This optimization reduces the number of bits per parameter from 16 to 8, reducing the disk size and GPU memory requirements by approximately 50%.
Only the weights and activations of the linear operators within transformers blocks are quantized. Symmetric per-tensor quantization is applied, in which a single linear scaling maps the FP8 representations of the quantized weights and activations.

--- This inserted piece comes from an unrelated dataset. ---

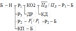 Быстрый отвод осуществляется при установке распределителей Р1 в правом и Р2 в среднем положениях и жидкость будет подаваться через следующие аппараты:

[AutoFP8](https://github.com/neuralmagic/AutoFP8) is used for quantization with 512 sequences of UltraChat.
<!-- ## Deployment
### Use with vLLM
This model can be deployed efficiently using the [vLLM](https://docs.vllm.ai/en/latest/) backend, as shown in the example below.
```python
from vllm import LLM, SamplingParams
from transformers import AutoTokenizer
model_id = "neuralmagic/starcoder2-3b-FP8"
sampling_params = SamplingParams(temperature=0.6, top_p=0.9, max_tokens=256)
tokenizer = AutoTokenizer.from_pretrained(model_id)
messages = [
{"role": "system", "content": "You are a pirate chatbot who always responds in pirate speak!"},
{"role": "user", "content": "Who are you?"},
]
prompts = tokenizer.apply_chat_template(messages, tokenize=False, add_generation_prompt=True)
llm = LLM(model=model_id, trust_remote_code=True, max_model_len=4096)
outputs = llm.generate(prompts, sampling_params)
generated_text = outputs[0].outputs[0].text
print(generated_text)
```
vLLM aslo supports OpenAI-compatible serving. See the [documentation](https://docs.vllm.ai/en/latest/) for more details. -->
## Creation
This model was created by applying [LLM Compressor with calibration samples from UltraChat](https://github.com/vllm-project/llm-compressor/blob/sa/big_model_support/examples/big_model_offloading/big_model_w8a8_calibrate.py), as presented in the code snipet below.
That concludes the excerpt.